6

I'm trying to learn a more advanced regular expressions for a password validator I'm working on because I think using regular expressions would be the best way out. I am using Java as my programming language

So for my pattern people suggested this (?=.*?[A-Z]) as to say "at least one upper case in the string". I have tried searching it at least but nothing seems to make it clear ?=.*? how this part makes sure it at least there.

here is the whole pattern ^(?=.*?[A-Z])(?=.*?[a-z])(?=.*?[0-9])(?=.*?[#?!@$%^&*-]).{8,}$

from what i understand

  1. ? means optional and occurs once
  2. = means well i don't know yet
  3. . is a wildcard
  4. [A-Z] is the range of uppercase letters from A-Z

TLDR: So my question is how does this (?=.*?[A-Z]) make it sure atleast one uppercase letter is included? Any in-depth explanation?

SirPent
  • 77
  • 1
  • 2
  • 6
  • http://www.rexegg.com/regex-lookarounds.html This may help. And actually explains some pswd validation with regex – quackenator May 11 '17 at 15:28

2 Answers2

10
  • (?= is the start of a look-ahead group — the question mark does not mean the same as a ? elsewhere
  • .*? is a non-greedy match against anything or nothing. The question-mark here also does not mean 'optional'.
  • [A-Z] is a character set containing the upper case ASCII letters A through to Z.
  • ) is the end of the look-ahead group

So the net result is:

"Look ahead and see if, after maybe some characters, there is an upper case letter."
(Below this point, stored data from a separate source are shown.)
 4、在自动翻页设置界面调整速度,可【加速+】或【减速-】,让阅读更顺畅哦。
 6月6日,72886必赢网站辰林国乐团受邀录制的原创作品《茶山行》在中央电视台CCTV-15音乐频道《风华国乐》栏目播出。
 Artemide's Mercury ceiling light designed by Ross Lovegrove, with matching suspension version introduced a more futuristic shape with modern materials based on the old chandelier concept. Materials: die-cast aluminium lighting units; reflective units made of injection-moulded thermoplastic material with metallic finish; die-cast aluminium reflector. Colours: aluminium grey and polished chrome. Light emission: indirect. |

Your full expression, ^(?=.*?[A-Z])(?=.*?[a-z])(?=.*?[0-9])(?=.*?[#?!@$%^&*-]).{8,}$, can be read as:

"Match if the string contains an upper case letter, and a lower case letter, and a digit, and a non-alphanumeric, and there are at least 8 characters in total."

Nicholas Shanks
  • 10,623
  • 4
  • 56
  • 80
  • 3
    I understand the groupings of the ?= lookahead part but `.*?` is quite unclear still to me.. is this the part the makes it mandatory? – SirPent May 11 '17 at 15:33
  • if the character class `[A-Z]` fails to match then there is no uppercase character in the string. `.*?` matches any character, between zero and unlimited times, as few times as possible, expanding as needed (lazy). It is needed so the pattern can expand until it finds an uppercase char or fails – quackenator May 11 '17 at 15:37
  • 2
    `.*?` means "ignore zero or more of any character, trying to ignore as few as possible whilst still matching the rest of this expression". You have to view it in the context of the rest of the group, the `[A-Z]`. If you're matching against the string "F", then `.*?` will match the empty string, "", and your regex will succeed. If matching against "FG", it will also match the empty string, and the [A-Z] will match the F. Compare against `.*`, which would instead match the F itself, and [A-Z] would match the "G". – Nicholas Shanks May 11 '17 at 15:37
  • Oh man Thank you. Now this clarifies everything I need. – SirPent May 11 '17 at 15:37
  • Input = 'aaaHelpmeHellpaaa' \n, if regex 'H.*p' then you will get 'HelpmeHellp' <- greedy if regex 'H.*?p' then you will get 'Help' and 'Hellp' <- not greedy – abduljalil Sep 15 '21 at 08:39
3

The regex is using a feature named positive lookahead, this is part of the regex lookarounds:

  • Positive lookahead: (?=...). Ex: a(?=b) matches a if followed by b
  • Negative lookahead: (?!...). Ex: a(?!b) matches a if not followed by b
  • Positive lookbehind: (?<=...). Ex: (?<=a)b matches b if preceded by a
  • Negative lookbehind: (?<!...). Ex: (?<=a)b matches b if not preceded by a

For your whole regex, you can see easily your pattern with this diagram:

enter image description here Diagram link

Related to (?=.*?[A-Z]), it is being used after the ^. So, ^(?=.*?[A-Z])$ means match a line that start and end with whatever thing but having a uppercase character at the end

Federico Piazza
  • 30,085
  • 15
  • 87
  • 123